» About this task
Starting with the line that holds "Découvrez notre robe", reproduce each line through the last one of the data, exactly as written. Pictures are not copied.

» Given material

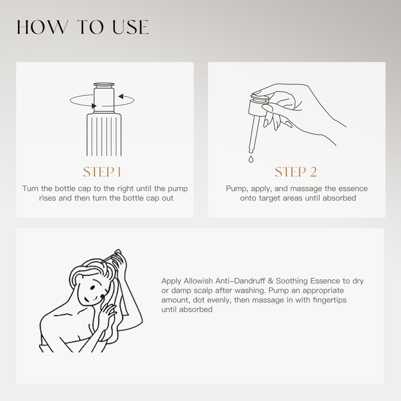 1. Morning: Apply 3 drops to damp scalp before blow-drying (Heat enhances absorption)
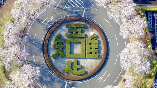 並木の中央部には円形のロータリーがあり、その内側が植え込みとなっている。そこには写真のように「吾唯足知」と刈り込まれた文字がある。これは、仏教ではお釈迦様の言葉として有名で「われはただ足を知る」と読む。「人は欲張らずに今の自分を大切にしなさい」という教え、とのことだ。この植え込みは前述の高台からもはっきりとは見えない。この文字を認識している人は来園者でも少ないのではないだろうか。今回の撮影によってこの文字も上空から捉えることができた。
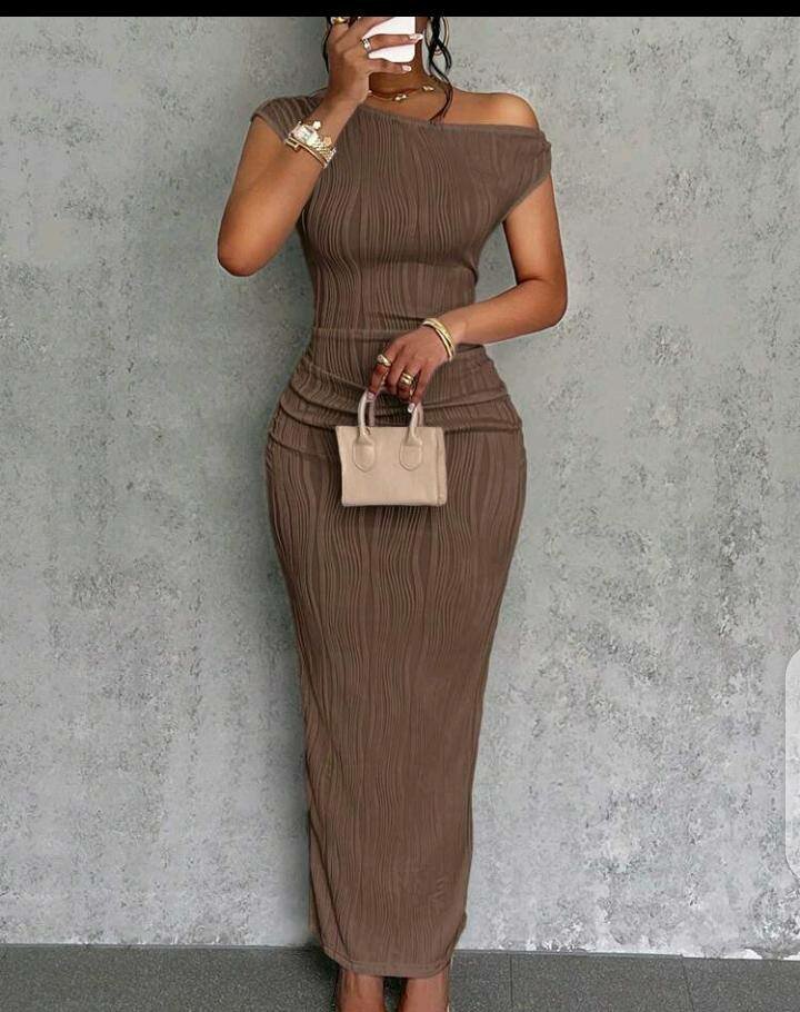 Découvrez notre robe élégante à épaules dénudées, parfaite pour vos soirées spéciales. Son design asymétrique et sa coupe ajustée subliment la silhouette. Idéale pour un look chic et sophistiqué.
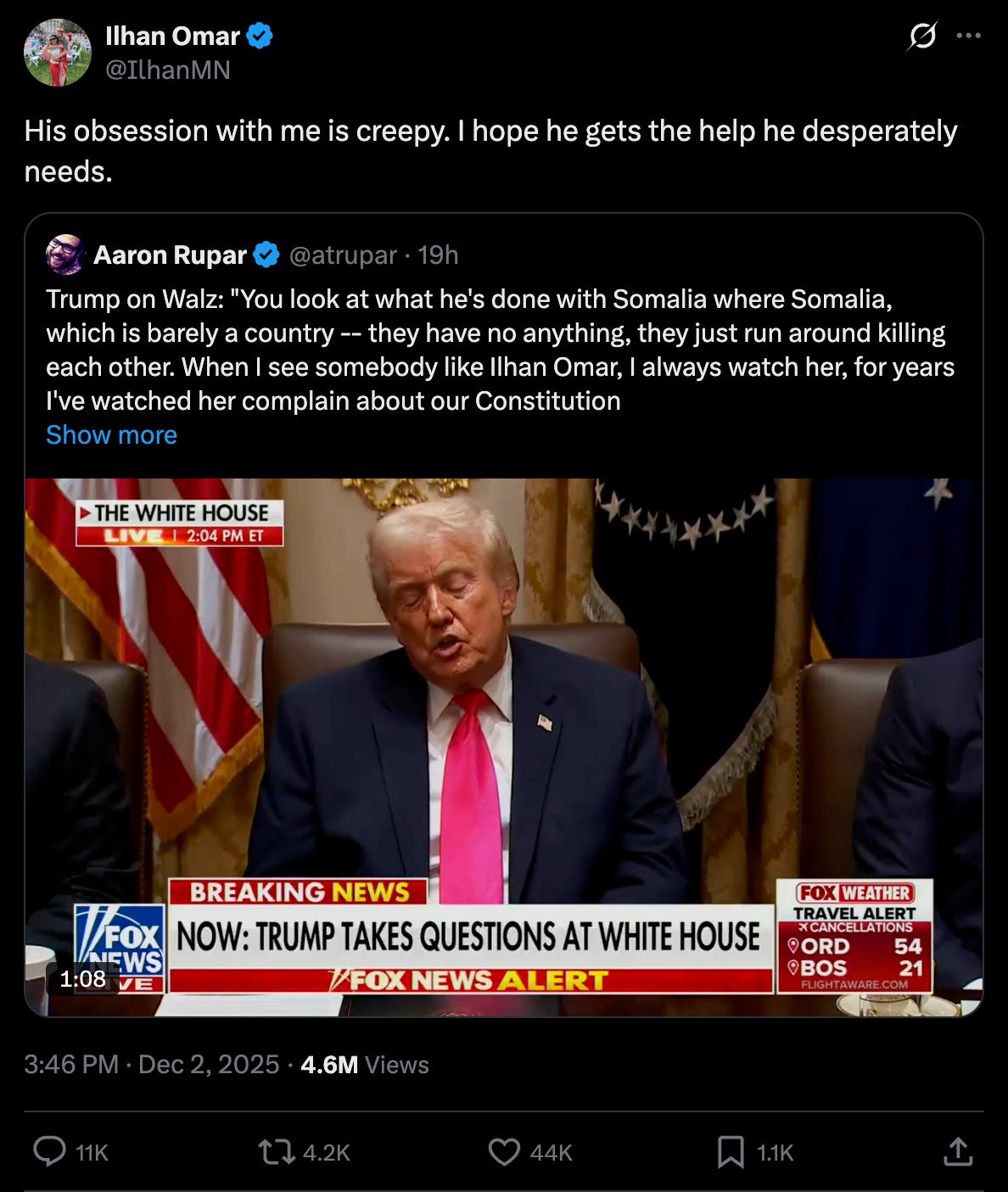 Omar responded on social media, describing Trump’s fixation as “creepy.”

» Problem solution
 Découvrez notre robe élégante à épaules dénudées, parfaite pour vos soirées spéciales. Son design asymétrique et sa coupe ajustée subliment la silhouette. Idéale pour un look chic et sophistiqué.
 Omar responded on social media, describing Trump’s fixation as “creepy.”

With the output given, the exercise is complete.